===== Stored data =====
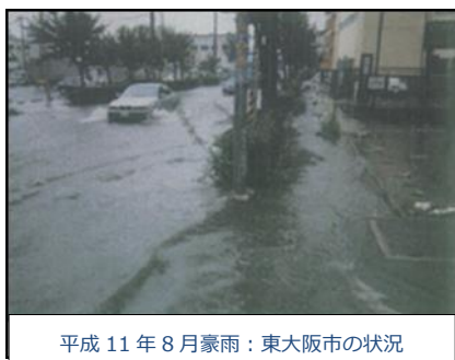
平成11年8月豪雨：東大阪市の状況
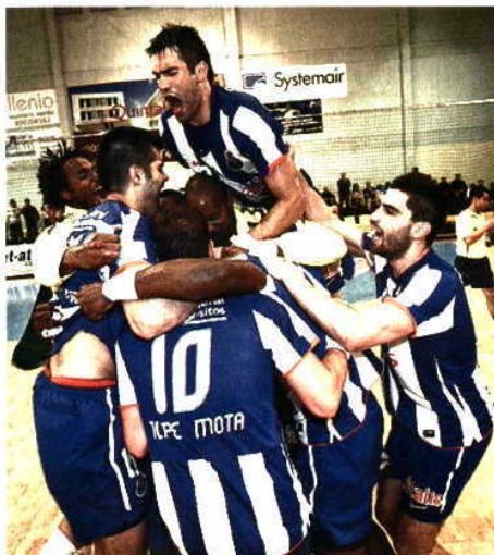
Dragões tricampeões nacionais de andebol

O póquer de títulos está ao alcance e com o valor acrescentado de o futebol poder somar ao seu palmarés uma competição europeia. Foi o que aconteceu em 2003/04, o célebre ano do triunfo na Champions em Gelsenkirchen. Ao
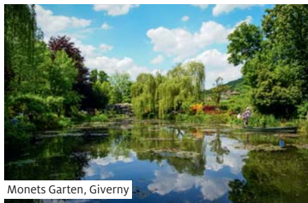
Monets Garten, Giverny

Gleiche Reise in umgekehrter Reihenfolge mit kleinen Änderungen.
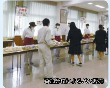
草加分校によるパン販売
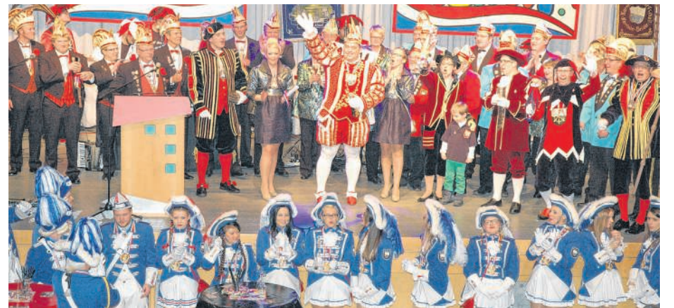
»Prinz Bomber I.« wurde mit seinem Gefolge den »närrischen Untertanen« im Bürgerhaus vorgestellt.

bi« im Gefolge von »Prinz Jürgen« und »Prinzessin Petra« Furore. Nach diesen »Lehrjahren« folgte als logische Konsequenz, dass nun er als »Jubiläumsprinz« in der Session 2013/2014 in Frage kam. »Vergesst alle für ein paar Stunden eure Sorgen und feiert mit uns bis in den frühen Morgen!«, rief »Bomber« seiner Narrenschar zu und erfreut sie mit den Prinzenliedern »Mir feire durch die Nacht« und »Awe os Häerz – jehört janz Kottem«. Galerie im Internet: www.wochenspiegellive.de www.kg-kottenheim.de
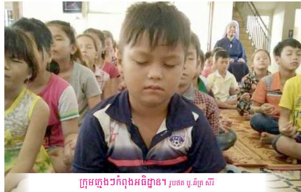
ក្រុមក្មេងៗក្នុងអធិដ្ឋាន។
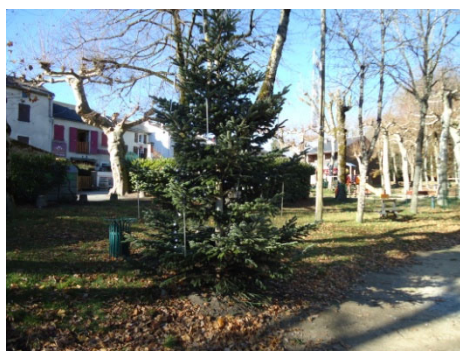
Socle pour le sapin de Noël
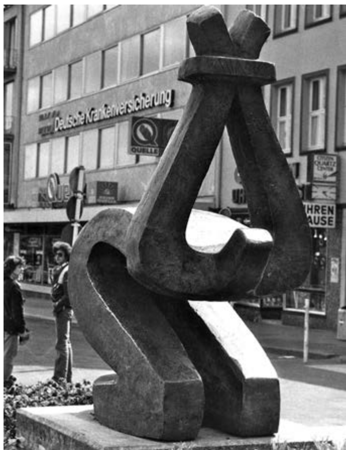
Памятник погибшим от насилия. Кассель.
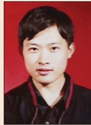
团圆节 辛酸泪 (第六版)
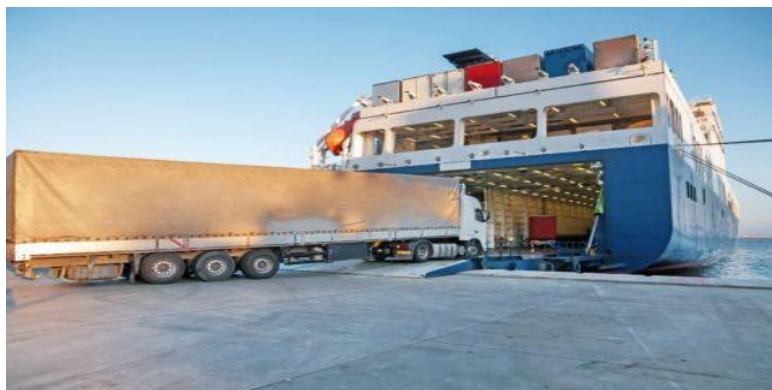
SLIKA 8 PRIKAZ RO - RO BRODA

Proces utovara na brod odvija se vlastitim kotačima tereta koji prelazi ukrcajnu rampu. Uloga rampe je da spoji brodsko skladište s obalom. Istovar je iduća faza koja se događa nakon što je roba transportirana morem, a preko iskrcajne rampe teret zatim ponovno prelazi vlastitim kotačima. RO-RO tehnologija koristi se za transport koji se odvija na trasi unutar dvije tisuće nautičkih milja i upravo zbog toga je karakteristična za transport zatvorenim morem.
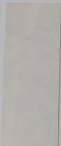
Volubilis 1149-2 + PC121
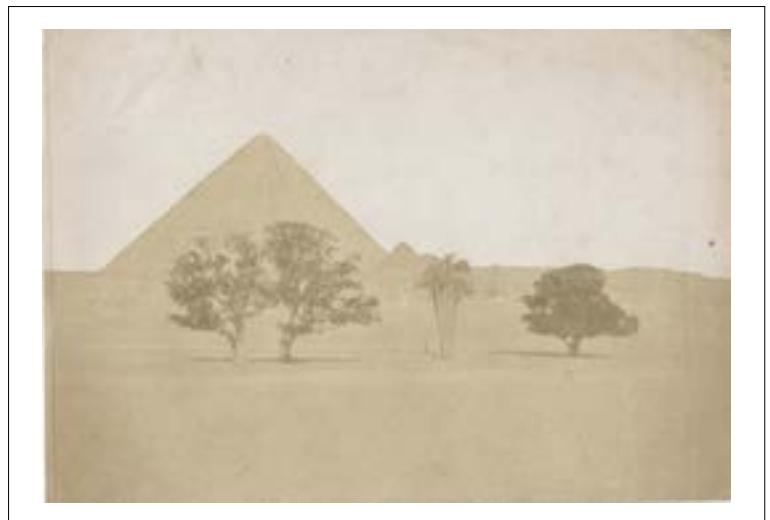
Pyramide de Khéops, Gizeh. 1851. Épreuve sur papier salé d'après un négatif papier. 14,7 x 21,4 cm. Une vue similaire et de même format a été réalisée par Maxime Ducamp en 1849.
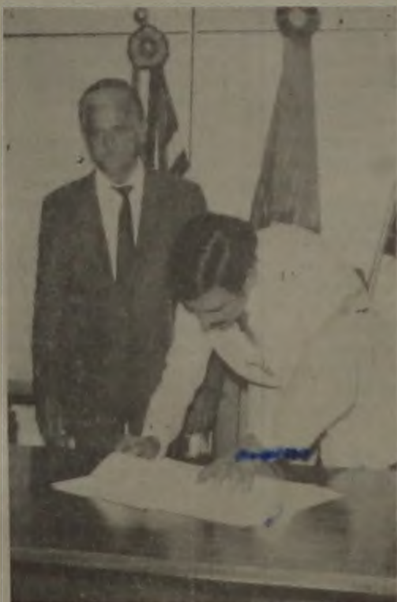
A POSSE DE IDEVAL

Uma festa realizada no Hospital Maternidade de Vila Velha em Vitória, no Espírito Santo, está dando a mais completa confusão. Consta que enquanto os nove médicos presentes brindavam o final do ano, pacientes tinham a necessidade de atendimento. O governador Gerson Camata, do PMDB, de mitiu todos, e agora o CRM os está processando.
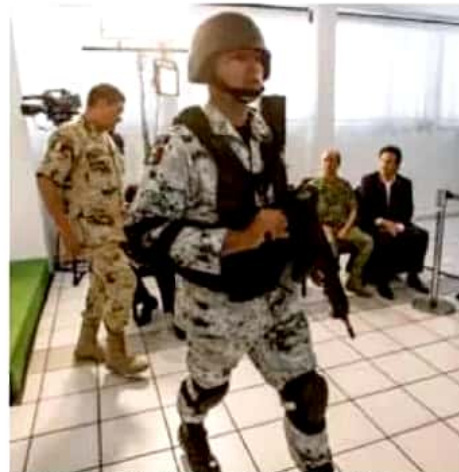
En los próximos días iniciará la construcción de la base.

"Si nosotros dijéramos que no, estaríamos mintiendo; lo más importante es que nos hagamos cargo de lo que nos corresponde al municipio, la federación y el estado. Cuan-
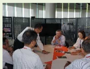
地域が主体となったメンテナンス活動の紹介
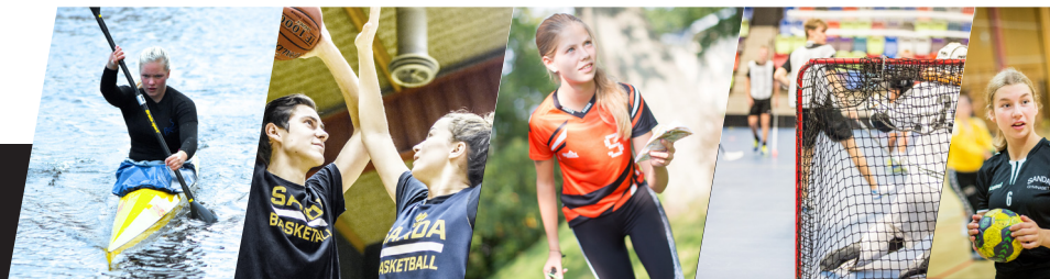
Kanot • Basket • Orientering • Innebandy • Handboll

Vi är en skola där digitalt lärande är en naturlig del i undervisningen. Vi erbjuder också ändamålsenliga undervisningslokaler för fysisk träning i vårt Träningsverk samt andra fina
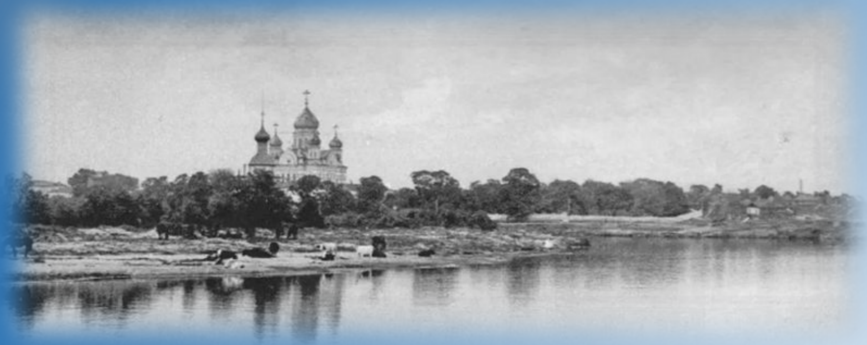
Слобода Перерва Бронницкого уезда
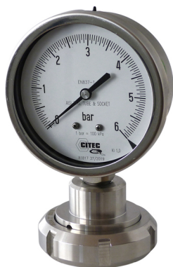
7470 + 1521 (Écrou SMS 1145)
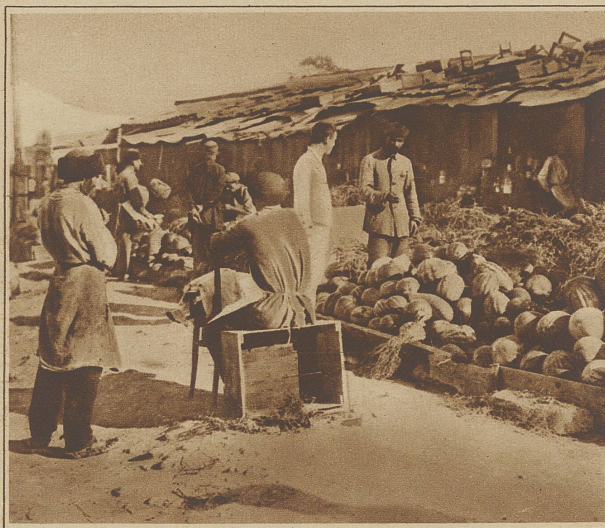
Vor dem Bahnhof in Machatsch-Kala steht Bude an Bude mit Wassermelonen-Verkäufern
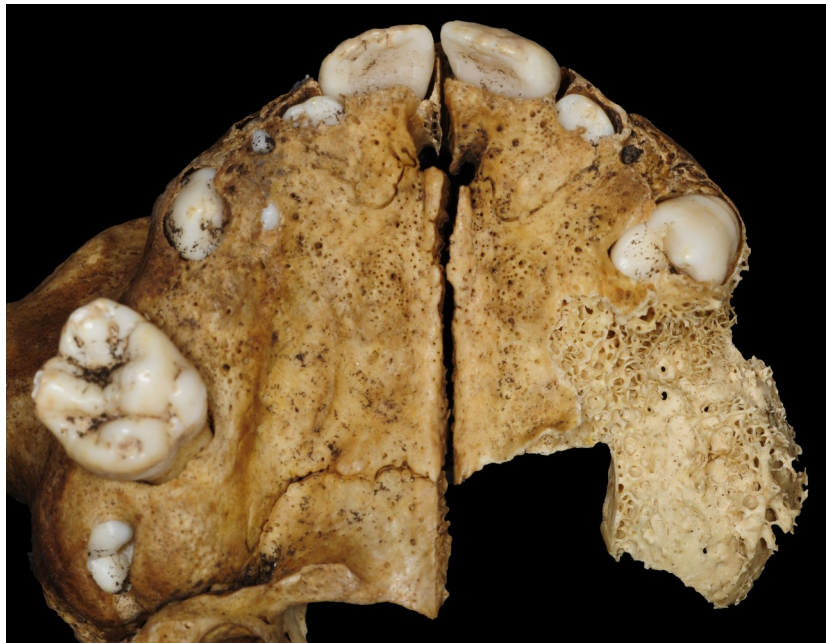
Figure 4 : Arcade maxillaire du spécimen FAO90_1296

On observe une hauteur de l'os mandibulaire faible, marquée par un foramen mentonnier positionné à mi-hauteur de la branche horizontale (Figure 5). La lyse osseuse avec dénudation des racines des premières molaires nous oriente vers une exfoliation des dents liée à un problème parodontal plutôt qu'une oligodontie (absence congénitale de six dents ou plus à l'exception des troisièmes molaires) ou des inclusions multiples. A cela s'ajoute le fait que la chute précoce des dents déciduales peut accélérer le développement et l'éruption des dents sous-jacentes (12) qui expliquerait ici les nombreuses dents permanentes ayant perforées la corticale osseuse.
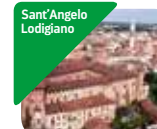
» Musei del Castello Bolognini
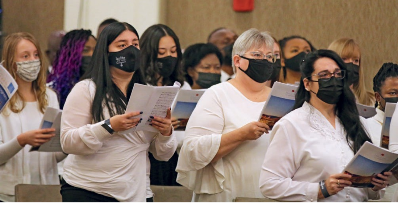
Ανάμεσα σε δύο παρεμβάσεις, μια χορωδία χαροποίησε τους συμμετέχοντες στην θεία λειτουργία

σώσει τους αμαρτωλούς! Ο Ιωάννης ο Βαπτιστής τον παρεξήγησε, όπως και οι μαθητές. Νόμιζαν ότι έπρεπε να τιμωρηθούν. Σκεφτείτε τον Πέτρο: Ήθελε να τιμωρήσει τον υπηρέτη του ιερατείου, που θέλησε να σταματήσει τον Ιησού, κόβοντας το αυτί του. Ο Ιησούς το απέρριψε αυτό (βλ. Λουκάς 22:49-51). Μια άλλη φορά, οι μαθητές θέλησαν να πέσει φωτιά από τον ουρανό, για να τιμωρηθούν οι αμαρτωλοί. Και σε αυτό επίσης, εναντιώθηκε ο Ιησούς (βλ. Λουκάς 9:51-56). Δεν ήλθε για να τιμωρήσει τους αμαρτωλούς, αλλά για να τους σώσει. Η διδασκαλία των Αποστόλων μας λέει ότι κανένας άνθρωπος δεν είναι απεσταλμένος από τον Ιησού Χριστό για να τιμωρήσει τους αμαρτωλούς, στο όνομά του. Κανείς δεν μπορεί να το δηλώσει αυτό, από μόνος του. Ο Ιησούς Χριστός είναι ο Σωτήρας. Σίγουρα η κοινωνία οφείλει να θεσπίζει κανόνες και να τιμωρεί τους εγκληματίες. Ο Ιησούς δεν το αντέκρουσε αυτό. Σεβόταν τους κοινωνικούς κανόνες της εποχής του. Ωστόσο, κανείς δεν μπορεί να τιμωρηθεί στο όνομα και κατ' εντολή του Ιησού Χριστού. Αυτό είναι κάτι που δεν ανταποκρίνεται στη διδασκαλία του.
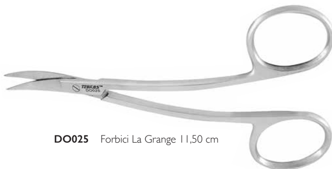
DO025 Forbici La Grange 11,50 cm

DO032 Porta aghi Castroviejo 14 cm per parodontologia
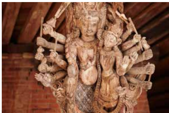
Et typisk træskærerarbejde fra tempelområdet Patan Durbar Square, hvor en stor del af de gamle bygninger blev ødelagt under jordskælvne i foråret 2015.
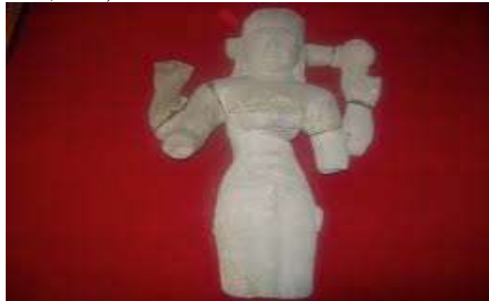
Gambar 3. Arca Wisnu dari Kota Kapur (Sumber: Hudaidah & Elsabela, 2022)

Candi Hindu lainnya yaitu candi Bumiayu merupakan kompleks percandian. Candi 1 dan candi 3 di kompleks candi Bumiayu adalah tempat pemujaan umat Hindu Siwa pada masa Sriwijaya. Namun juga sebagai tempat upacara dan prosesi keagamaan Hindu untuk menyembah dewa, arwah leluhur, serta tempat pemakaman leluhur (Hudaidah & Elsabela, 2022).
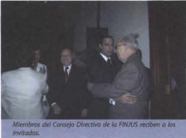
Miembros del Consejo Directivo de la FINJUS reciben a los invitados.
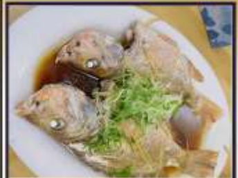
ปลาหนึ่งซีอิ๊ว
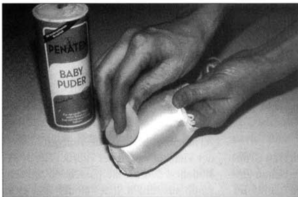
Abbildung 7: Abdecken der glänzenden Seide mit Puder

häufig der Stoff auf der gesamten Standfläche entfernt. So bleibt das im Tanz häufig verwendete Collophonium - das zur Verbesserung der Haftfähigkeit auf dem Boden dient - leichter am Schuh kleben. Die glänzende Atlasseide wird mit Schminke und Puder abgedeckt, um eine möglicherweise störende Reflexion durch die Scheinwerfer auf der Bühne zu verhin-
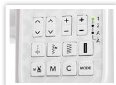
SÉLECTION DIRECTE DU POINT, MÉMORISATION ET COUPE-FIL

Caractéristiques La M200 QDC offre un ensemble de fonctionnalités de luxe, y compris une large sélection de points de piquage et de points pour les appliqués, un alphabet programmable de lettres carrées (parfait pour personnaliser les projets et les étiquettes des courtepentes) et un coupe-fil automatique.
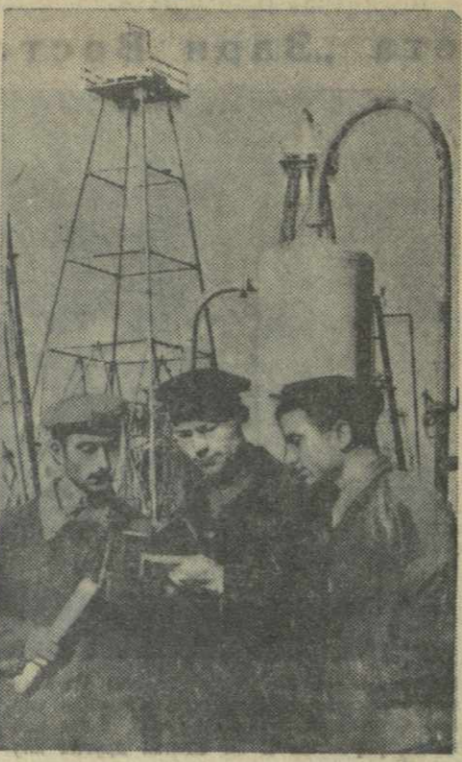
Азербайджанская ССР. Коллектив 3-го промысла первым в тресте «Кангачнефть» выполнил годовой план добычи нефти.

перушиного бравого содружества советских людей будущую гидроэлектростанцию решено было назвать «Дружба народов». Открыленные этой великой идеей, колхозники горячо занялись за осуществление своего решения. Инициатива колхозников сразу же нашла поддержку в партийных и советских органах всех трех республик. В районе озера Дрыоваты прибыли геологисты, топографы и гидротехники, которые в короткий срок провели изыскательные работы. В адрес стройки начали поступать тракторы и автомашины, цемент и железо. Был создан Совет содействия строительству. Сейчас участие в строительстве гидроэлектростанции принимают не только колхозы — инициаторы ее сооружения, но и другие сельхозартельи. Стройка стала народной. Скоро электроэнергия от гидроэлектростанции пойдет на все участки колхозного производства — на молотильню хлеба, на животноводческие фермы, в колхозные радиоузы, зерносушилки, кухни. Электромоторы будут приводить в движение зерноочистительные машины и колхозные мельницы. Ярким светом загорятся лампы электричества в сельских клубах, школах, в домах колхозников, на улицах колхозных сел. Красивым и величественным будет само здание электростанции. В его архитектуре символически запечатлется великая сталинская дружба народов, строящих коммунизм.
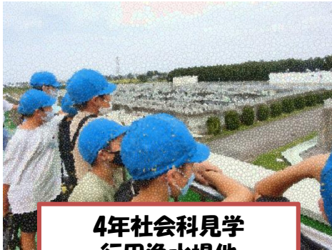
4年社会科見学 行田浄水場他
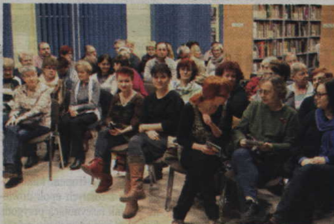
Publiczność czekająca na występ artystki.

Podczas koncertu artystka zaśpiewała znane standardy jazzowe, takie jak np. „I got Rhythm”, a także utwory gospel. Nie zabrakło także największych hi-
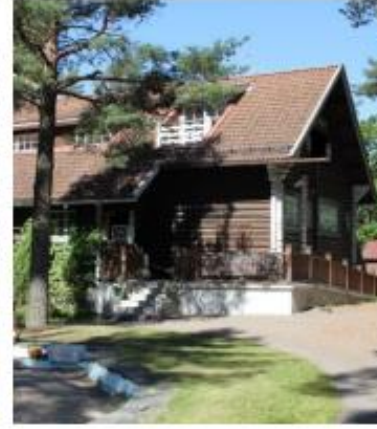
Villa Cooper Luovutaan
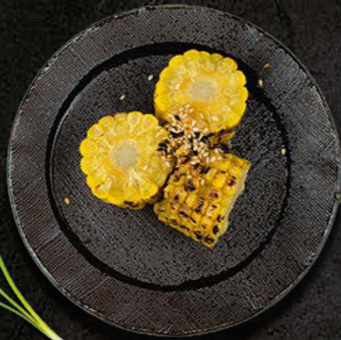
GRILLOWANA KUKURYDZA Grillowana kukurydza, sos sojowy, masło ziołowe i miso 22 PLN
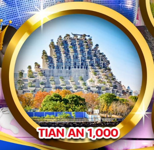
TIAN AN 1,000
=====
§ Aim of the exercise: Please set down, exactly and with nothing added, the lines from the line with "GRILLOWANA KUKURYDZA Grillowana" to the end of the entries above, omitting pictures.

§ Result for this task:
GRILLOWANA KUKURYDZA Grillowana kukurydza, sos sojowy, masło ziołowe i miso 22 PLN
TIAN AN 1,000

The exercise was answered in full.